Two MRA-sponsored investigators recently reported on the clinical testing of immune checkpoint inhibitors targeting a pathway known as PD-1 in the New England Journal of Medicine. This therapeutic approach, whose clinical utility was established by the FDA approval of ipilimumab in 2011, has produced promising data in patients with advanced melanoma.

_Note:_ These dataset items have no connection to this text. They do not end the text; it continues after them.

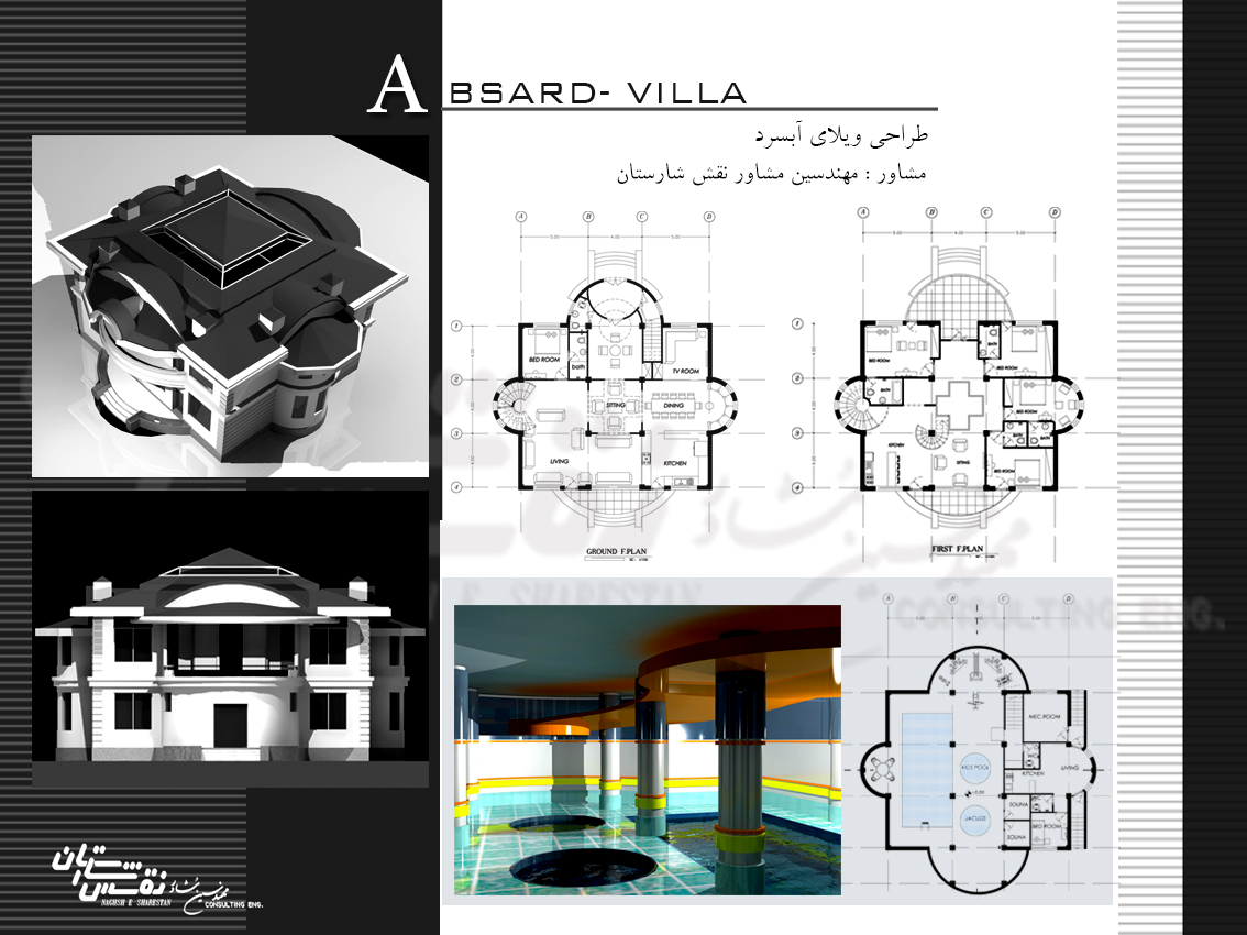 The villa has a square plan with an occupancy level of 242 square meters and a total infrastructure of 726 square meters with curved forms and suitable lighting in four directions with a sloping roof. The building is designed in three floors, two residential floors with a royal residence and a basement with swimming pool, sauna and Jacuzzi.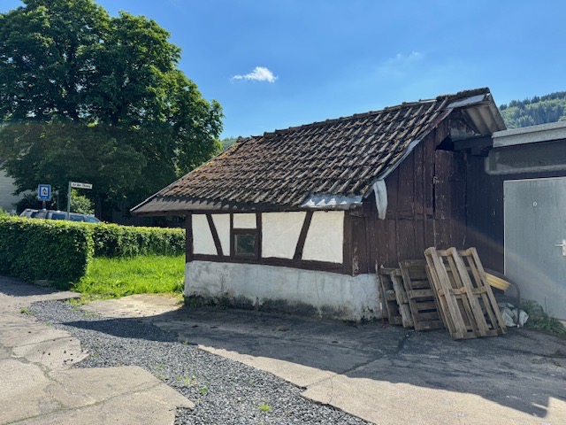 Die Hofanlage besteht aus einem teilweise unterkellerten Wohnhaus mit angebautem Stall und Scheune, einem asphaltierten Hof sowie aus einem Schuppen an der anderen Seite des Hofs bei der Einfahrt. Im Keller befinden sich ein etwa 3 m tiefer Brunnen und ein großer Backofen. Des weiteren befindet sich noch ein Sanitärgebäude neben dem Schuppen, welches zu dem nahebei an der Rur gelegenen Campingplatz gehörte.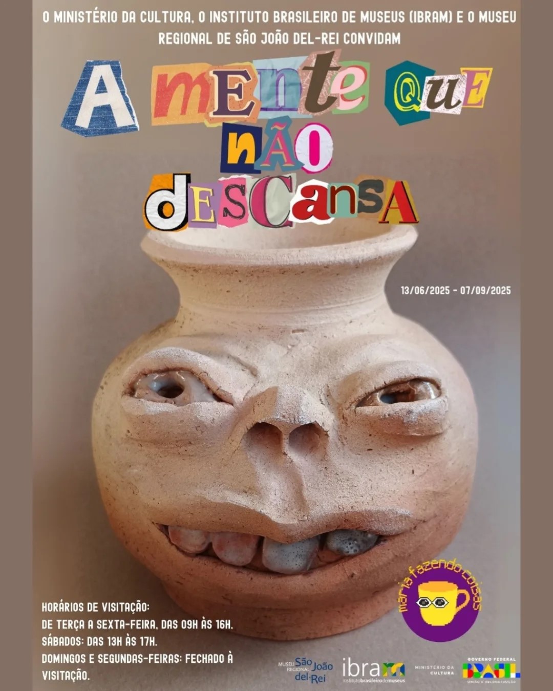 A exposição "A Mente que Não Descansa", da ceramista Maria Clara Neves, estará em cartaz no Museu Regional de São João del-Rei a partir do dia 13 de junho de 2025, com visitação gratuita até o dia 7 de setembro de 2025. A mostra reúne 16 peças em cerâmica esmaltada, todas com formas antropomórficas e animalescas, produzidas a partir de argilas de diferentes cores.
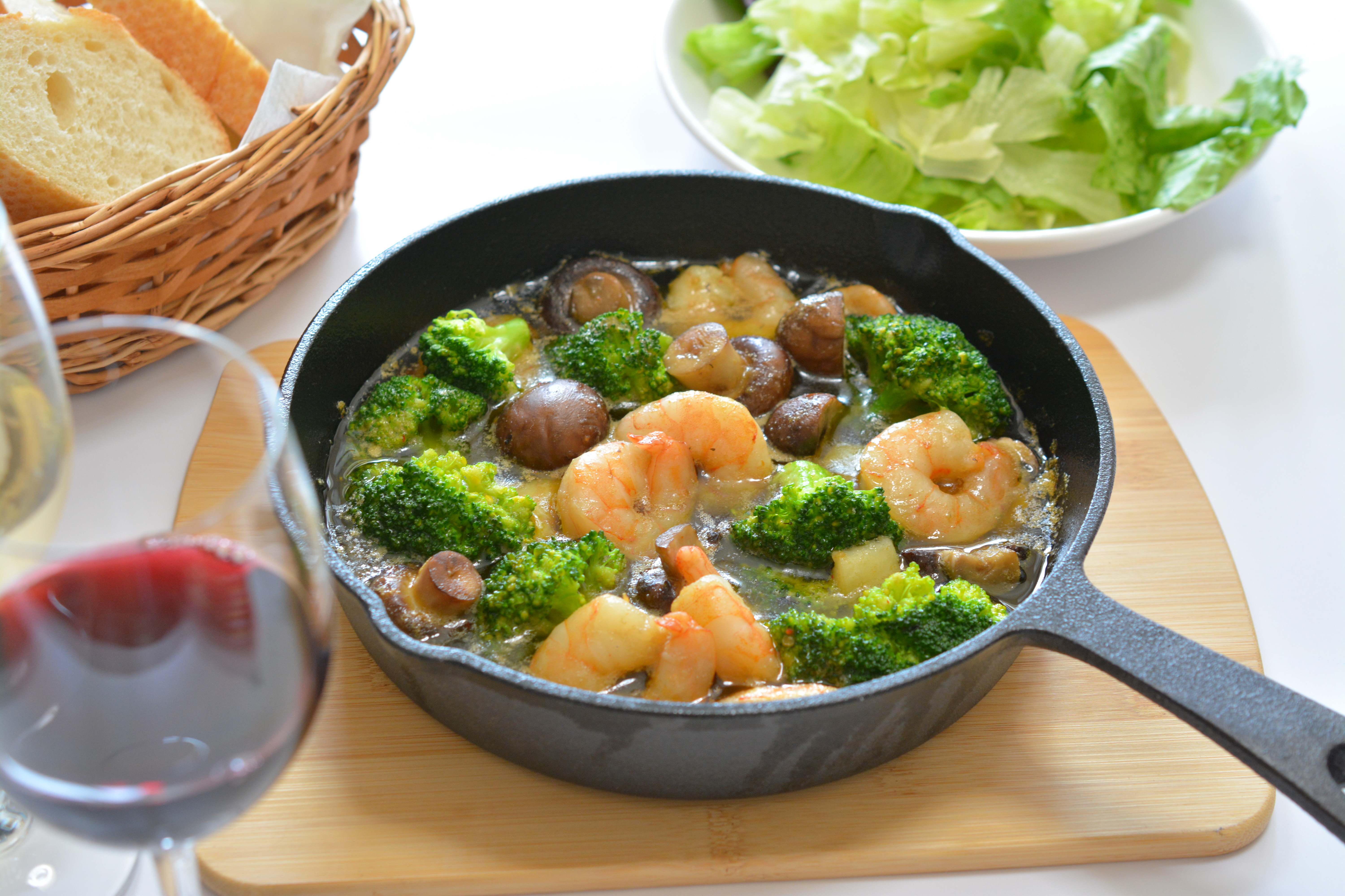 フランスパン・バゲット・洋食・エビ・ブロッコリー・スキレット・鉄板・ガーリック・オリーブオイル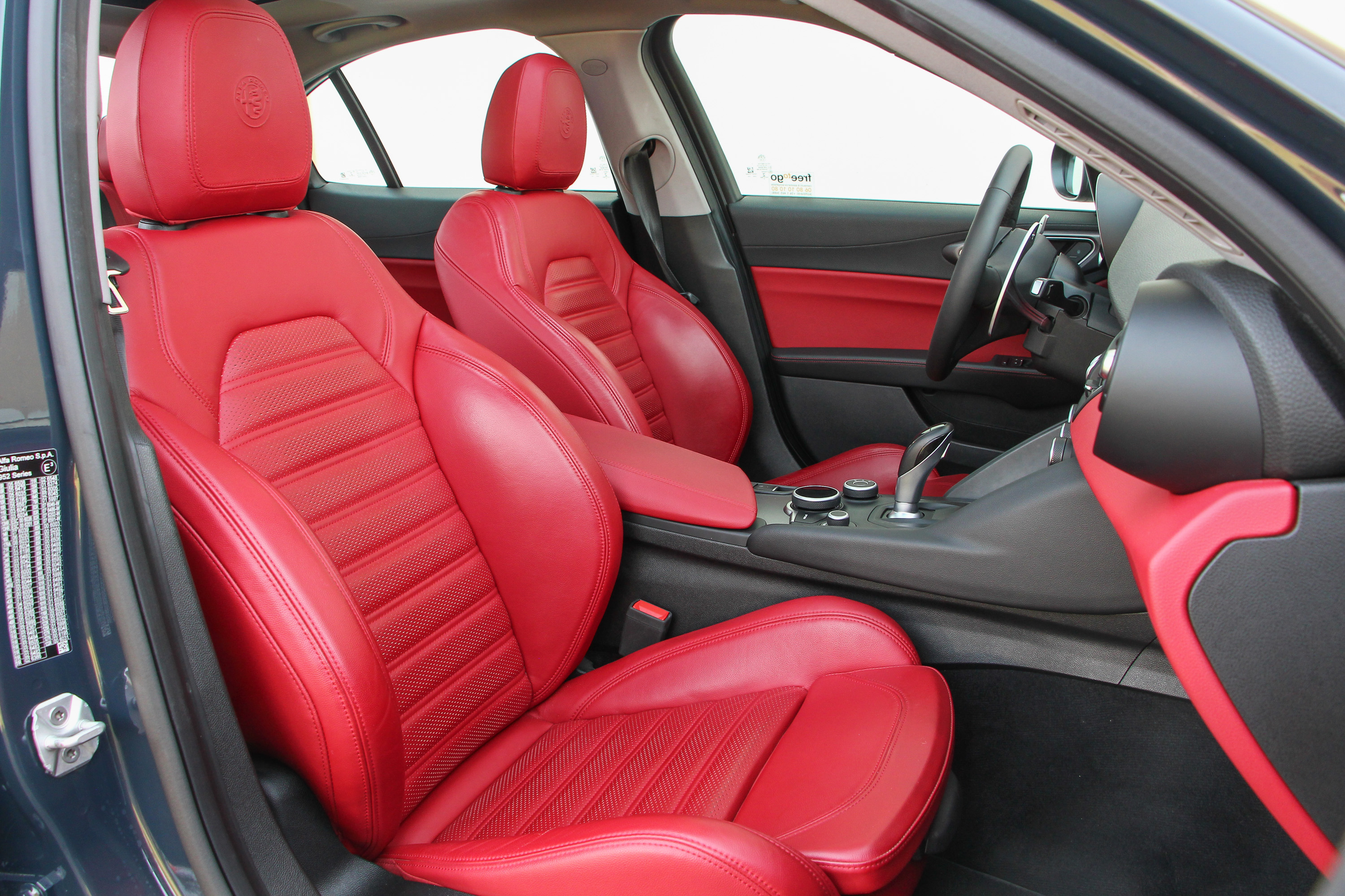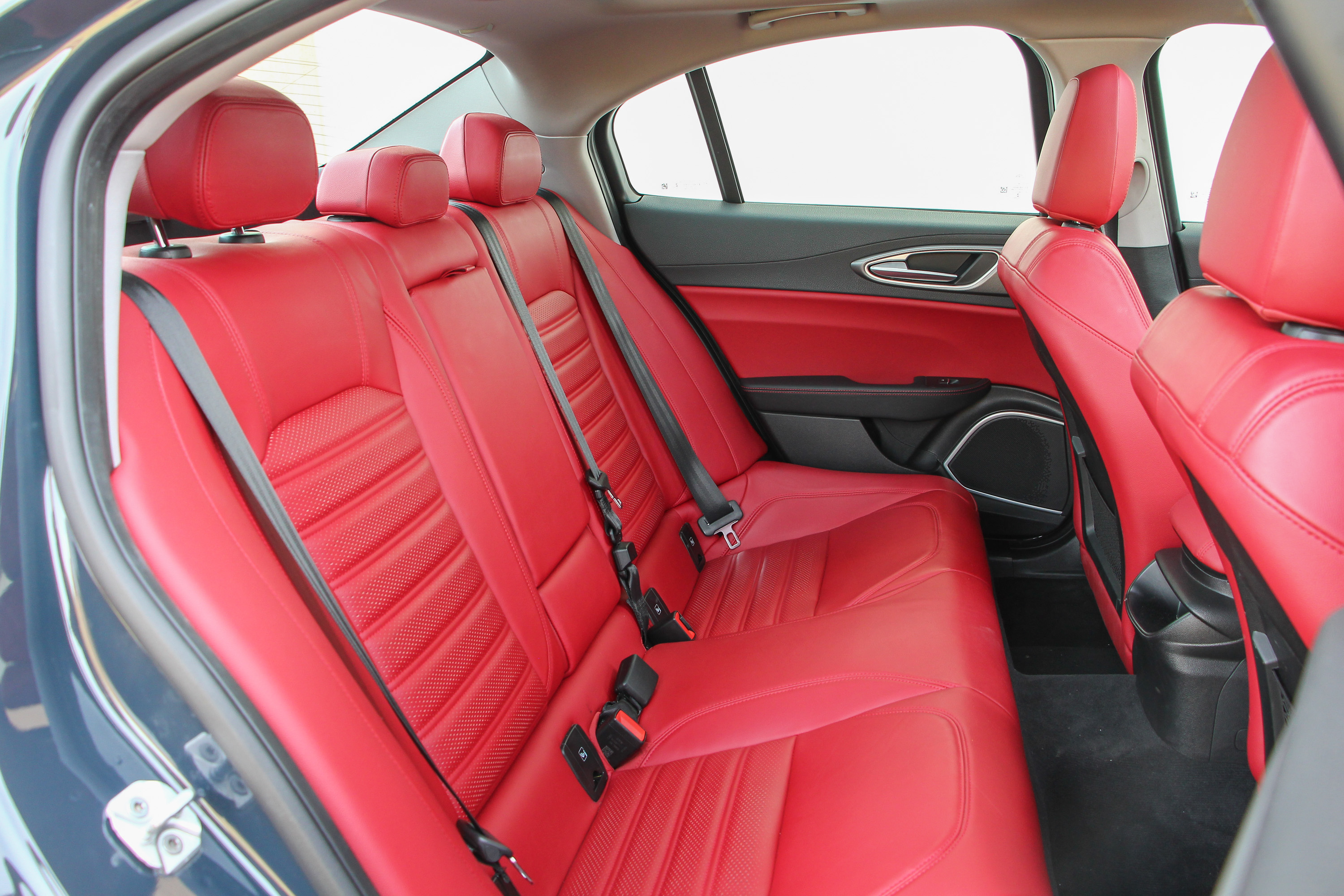 Nem olyan tágas a Giulia, mint az Opel, de azért az sem szűkös. A beltéri hangulat ötcsillagos

A new study, published by Jedd Wolchok of Memorial Sloan-Kettering Cancer Center and others, evaluated the anti-PD-1 antibody nivolumab alone and in combination with ipilimumab. Of the 53 patients treated with the two drugs concurrently, nearly 50% experienced rapid tumor regression. These results suggest that the combination of nivolumab and ipilimumab may be more effective than either agent alone. To read more about these findings see, “Nivolumab plus Ipilimumab in Advanced Melanoma.”
Another study, led by Antoni Ribas of University of California, Los Angeles, and other investigators, revealed promising data on the anti-PD-1 antibody lambrolizumab. Of the 135 patients who received lambrolizumab as a single agent, a significant number of patients experienced a response, with a majority of them demonstrating durable responses for more than 40 weeks. In this study, pretreatment with ipilimumab did not appear to affect the response to lambrolizumab. To learn more about this work see, “Safety and Tumor Responses with Lambrolizumab (Anti-PD-1) in Melanoma.”
While more studies are needed to confirm these observations, this early data provides great news for melanoma patients. These results suggest opportunities to adjust the immune system’s surveillance of melanoma and harness it to fight the disease.